Дом отдыха московского электрокомбината помещался в монастыре, из чего следовало, что монастырь и в новые времена использовался по назначению, и в нем все так же люди отдыхали от забот мирских, хотя и по-другому, чем представлял себе его основатель. Монастырь стоял плоско, не возвышался земной монастырь, а был заподлицо с луговиной и порядками домов левого берега, только отстоял от них метров на девятьсот - поближе к сосновому бору.
Там по монастырскому двору среди вечерней золотой листвы гуляли московские городские люди.
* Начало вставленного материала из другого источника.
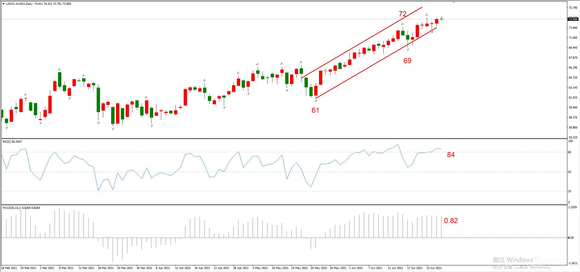 图3,USOIL 2021年8月合约,06月28日 日线周期-ATFX

Там накидывали на гвозди проволочные кольца для меткости глаза, там дирижер поперек себя шире, по имени Рудольф Фукс, махал и махал черными рукавами, там показывали антирелигиозный фильм "Праздник святого Иоргена", немой вариант. Все так. Но если обогнуть монастырь и пройти вдоль стен над старицей и оказаться с тыла, то можно окунуться, в чудо, непохожее на жульничество. Если встать перед серым выступом и громко сказать: "Ха! Ха!" - то вдруг услышишь рев толпы и грохот голосов, обороняющих монастырь от призрачного нашествия. Так и было задумало строителями крепостных стен - орда, зашедшая внезапно с тыла, пугалась собственного эха.
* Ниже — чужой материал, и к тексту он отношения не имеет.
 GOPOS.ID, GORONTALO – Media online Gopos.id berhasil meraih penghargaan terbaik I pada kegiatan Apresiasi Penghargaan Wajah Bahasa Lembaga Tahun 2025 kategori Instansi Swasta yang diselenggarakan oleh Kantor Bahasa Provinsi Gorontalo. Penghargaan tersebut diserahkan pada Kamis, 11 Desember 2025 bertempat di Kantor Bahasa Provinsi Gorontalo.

Пришел Аграрий к Сапожниковым, познакомился с матерью и сказал, что хочет Сапожникова забрать в монастырь смотреть кино "Праздник святого Иоргена", немой вариант. И на канонический вопрос Сапожникова: "Про что кино, про войну или про любовь?" - ответил кратко: "Про жуликов". И стал разглядывать народные масляные портреты купцовой жены с бордовой занавеской и купца с рододендроном. А потом вдруг осведомился, а что, мол, это за растение в горшке, на что получил незадумчивый ответ - дескать, это рододендрон.
- Нет, - сказал Аграрий, - это не рододендрон. Это дерево - самшит. Только еще маленький.
Так Сапожников впервые услышал про дерево самшит.
Он еще ничего не знал о дереве самшите, только почему-то вдруг ему стало холодно в спине, как будто откинули дверь в ночь и теперь в затылок ему светит морозная звезда.
Стоп. Спокойно. О чем, собственно, речь. В конце концов, даже наука не вся состоит из арифметики. А тем более жизнь, которая эту науку породила. Святой Макарий был сыном боярина Кожи. Еще в юности принял иноческий сан, а потом основал монастырь-крепость, которая грозно и чудесно перечила ордынскому ходу.
Аграрий сказал:
- При чем тут чудо? Что есть - есть, чего нет - нет. Монастырь-крепость есть?
Есть. Макарий, сын боярина Кожи, негромкий участник освободительной войны, есть?
Есть. Потому он святой. А не потому, что останки его тлению не подверглись, что сомнительно. Хотя состав почвы позволяет сделать это предположение. А если бы даже подверглись? Что же его, из святых увольнять? Орда-то ведь сгинула. Вот чудо без подделки и никакого Иоргена, - сказал Аграрий, когда они с юным Сапожниковым возвращались ночью по черному лугу из монастырского кино.
- И откуда вы все это знаете? - льстиво спросил Сапожников.
- Я расстрига, - сказал Аграрий.
- А что такое расстрига? - спросил юный Сапожников.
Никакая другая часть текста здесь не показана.